El líder de Alianza Nacional, Jorge Larrañaga, visitó ayer el Comcar, el centro de reclusión con mayor hacinamiento del país. El legislador quedó impresionado con lo que observó en más de dos horas de recorrida.
Junto al líder blanco recorrieron la cárcel el también senador Carlos Moreira y uno de los hijos de Larrañaga, de 19 años, estudiante de Economía. También estuvo el comisionado parlamentario para las cárceles, Adolfo Garcé, y el director de los centros de reclusión metropolitanos, Eduardo Pereira Cuadra.
A través de la mirilla de las celdas, los presos pidieron a los visitantes que hicieran "algo" por ellos, en particular por la situación de hacinamiento.
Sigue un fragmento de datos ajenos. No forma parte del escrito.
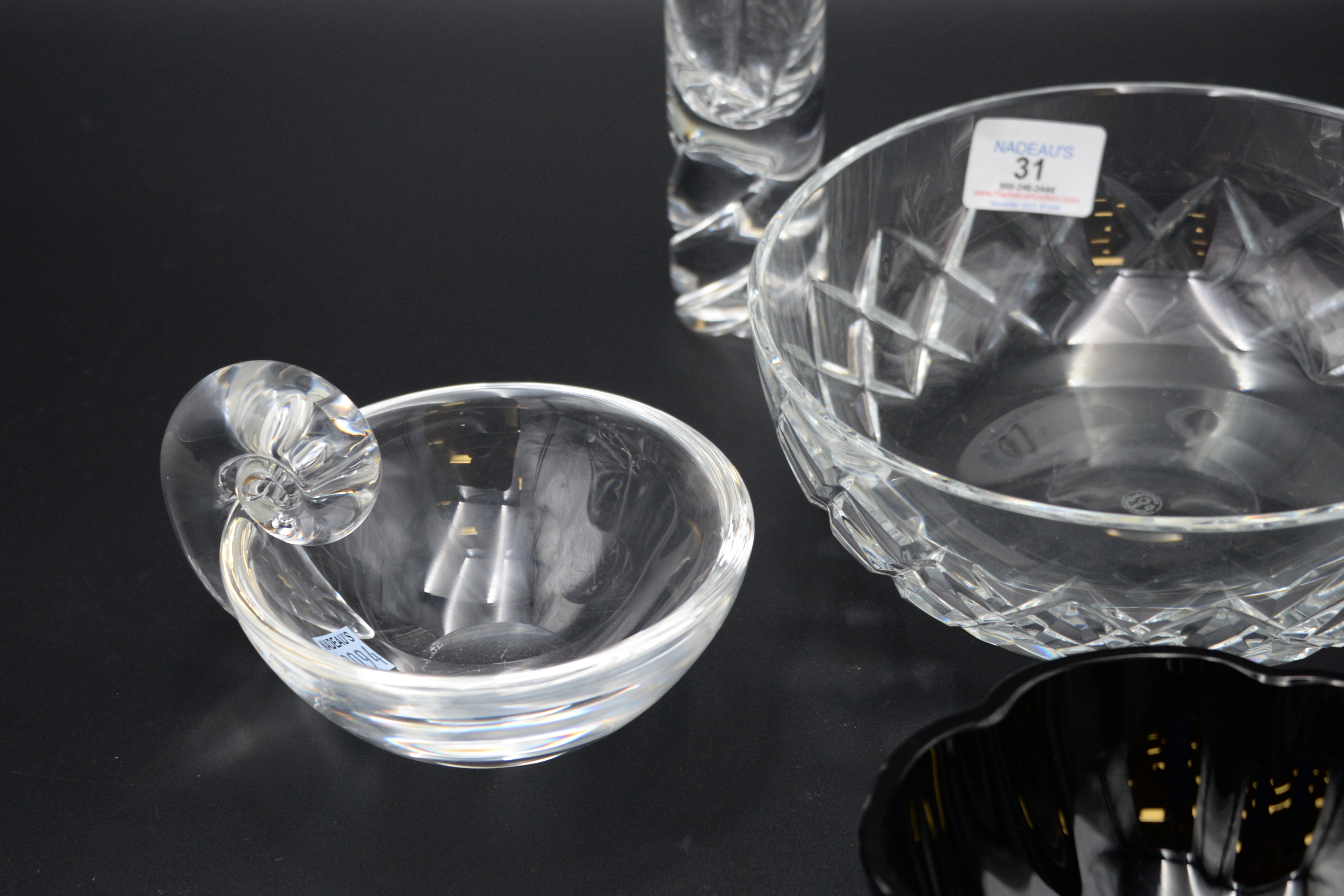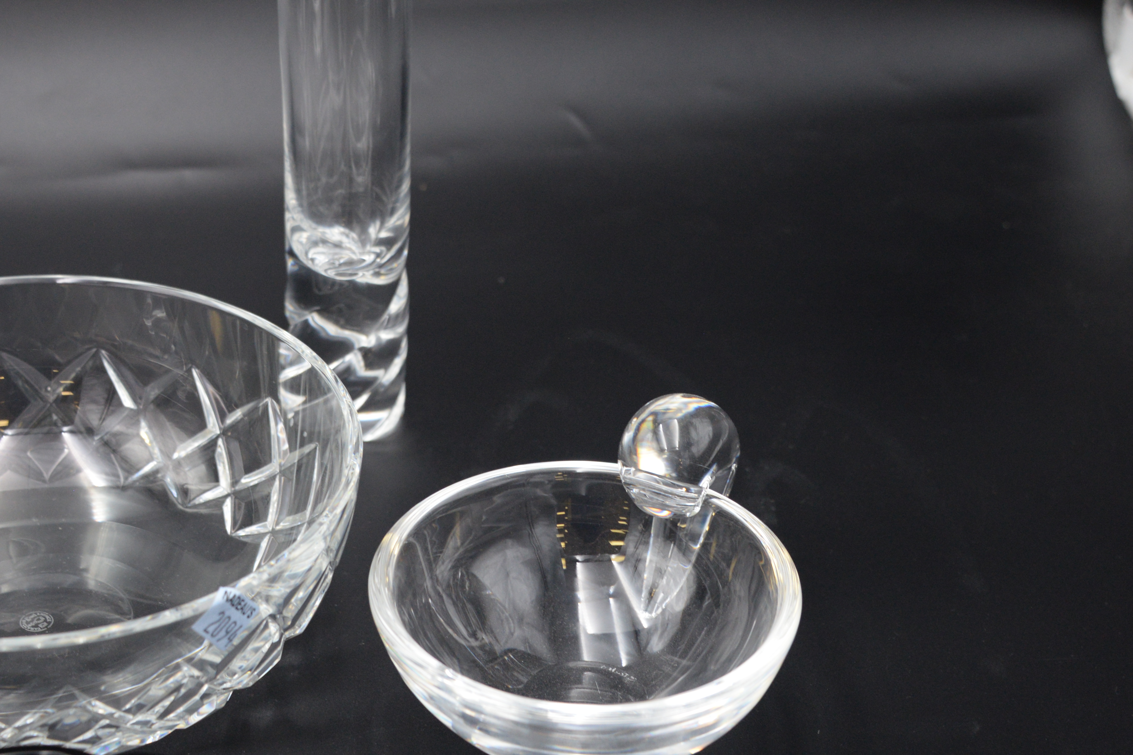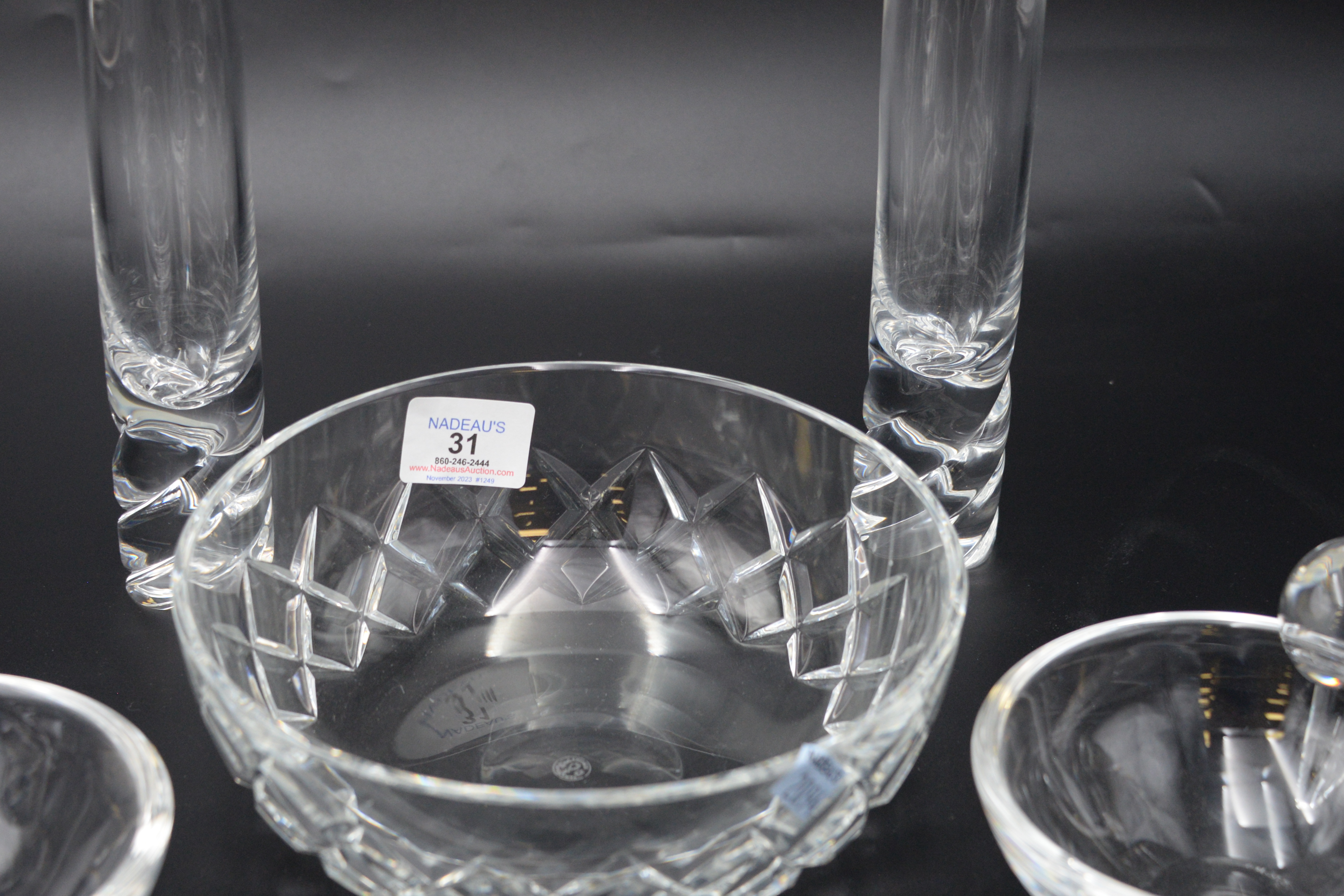 Six Piece Baccarat and Steuben Group To Include, pair of twist Steuben vases, two Baccarat bowls and two Steuben bowls, largest bowl diameter 8 inches

Los jerarcas policiales explicaron al legislador que unos 3.200 presos conviven en un ámbito que está previsto para mucho menos cantidad.
Larrañaga dijo que "la situación es dramática", y que hay una zona que le llaman "el cantegril".
"Es un desastre, tiene problemas de saneamiento, las aguas servidas corren por los pasillos. Las celdas están comunicadas entre sí porque los presos hicieron agujeros en las paredes", afirmó.
A esto se suma la situación crítica para los policías que trabajan en el lugar.
"En el Comcar están presos los delincuentes y los policías que los custodian. Son apenas 50 policías por turno para custodiar a miles de presos", aseveró el senador Larrañaga.
Al salir del lugar el líder de Alianza se comunicó con el ministro del Interior, Eduardo Bonomi, quien le aseguró que tomará cartas en el asunto.
En ese sentido, Bonomi informó a Larrañaga que viene analizando junto al Ministerio de Trabajo una fórmula para mejorar el retiro de los policías que trabajan en las cárceles.
Se maneja que los guardias se jubilen antes del tiempo correspondiente. Se entiende que los policías cumplen tareas en condiciones "insalubres".